I never related to it. I was too postmodern for my own good.
Too caught up in the gender critiques of social institutions that perpetuated gender roles and oppressed diversity and difference.
If marriage is not about the individual, what the hell was it about?
And then I realized that I too want to get married.
For the very first time, the idea of marriage appealed to me in itself, regardless of who is involved in this arrangement.
My take on marriage was pretty pragmatic. Same-sex couples need a recognized legal arrangement that would guarantee their rights and honor whatever commitments they choose to take.
I saw that marriage, in the traditional white gown sense was a needless conformity for a group of minority social outcasts.
Who gives a shit about a wedding party as long as you have legal and civil rights like heterosexual couples?
Yet Kiki and me, over countless, brief moments of introspection and self-reflection realized that yes it would be nice to have this man, bend on one knee and say, 'will you marry me?'
Not the usual catchphrases we get, 'I never sleep with the same guy twice', 'I love sex and I love sex with different people', 'I am fucking hot and you are fucking lucky to have me', 'I don't do Egyptians', 'I don't do queens', 'No fats, No fems',.....etc and the list goes on.
And there are all kinds of explanations and philosophical rationalizations for these statements.
And sometimes not so philosophical.
The one I hear the most, is 'gay men are naturally promiscuous'.
And that is supposed to excuse everything.
While monogamy is the issue of the hour everywhere now, I don't give two figs about long-term, or how many people one gets involved with.
But once involved I have serious problem honoring this bond. I am pretty old fashioned in this sense. Give your word to someone and don't go back on it. And if you will, then say you will.
And while I would never be seen in white gown walking down the aisle, I would sure as hell not mind being seen striding in a black Karen Millen dress!

Comments

Ice Queer said…
I believe that homosexual relationships have very different dynamics from the hetero ones, why we(gays) always try 2 comprmise our relations to be hetero-like?

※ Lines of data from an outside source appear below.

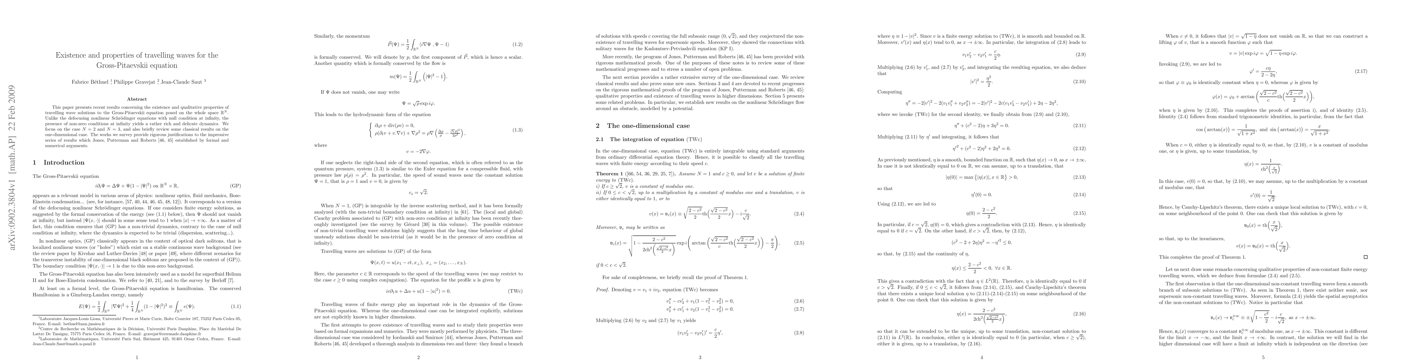 This paper presents recent results concerning the existence and qualitative properties of travelling wave solutions to the Gross-Pitaevskii equation posed on the whole space R^N. Unlike the defocusing nonlinear Schr\"odinger equations with null condition at infinity, the presence of non-zero conditions at infinity yields a rather rich and delicate dynamics. We focus on the case N = 2 and N = 3, and also briefly review some classical results on the one-dimensional case. The works we survey provide rigorous justifications to the impressive series of results which Jones, Putterman and Roberts established by formal and numerical arguments.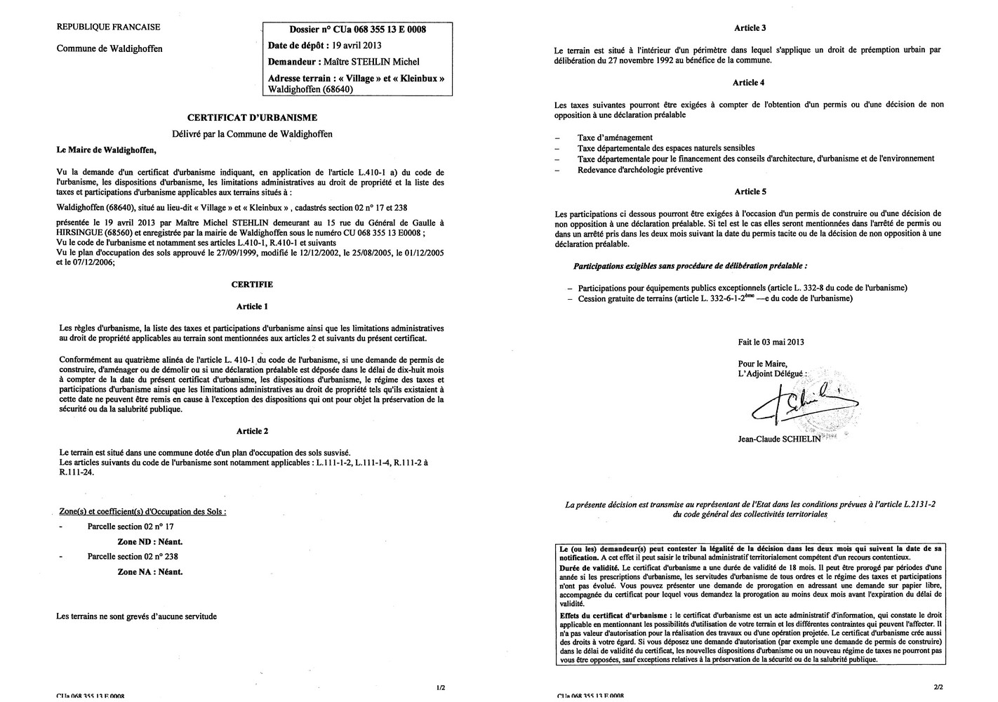 Certificat d'urbanisme n°13E0008 - Me STEHLIN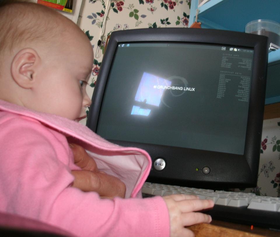 My four-month-old granddaughter, Dylan, getting introduced to CrunchBang

I know I've commitment issues, i know that my only long term relationship was with a spy who used to be drug dealer but i still believe that we r different from str8s so normally our relations might be different aswell!
Anonymous said…
Personally, i believe the problem lies in thinking about the issue, i mean if u find someone you really love, you naturally stick to him/her and prefer his/her company on others', but if you need a "vow" to make you continue doing that then where's the sense? you'll end up being and making your partner miserable for no reason.
"Loving one who loves you
And then taking that vow
Its nice work if you can get it
And if you get it, wont you tell me how?"
Ice Queer said…
Lol who said that I tolerate cheating? All I'm saying that we shouldn't compare our relationships to the hetero ones, i'm not talking about the basic stones(loyality, monogamy...etc) of a healthy relationship!
Moses said…
I'm totally with Anonymous on this one, its too easy to blame character flaws on sexuality. The truth is if you wanted to be faithful you would be. Its a commitment and an effort, because monogamy is not natural - we're animals and testosterone driven worst of all. Still we make that kind of human commitment because we can and because its human, and because some things are worth sacrificing for.

I'm on no high horse, and I am still to find that someone worth sacrificing my animalism for.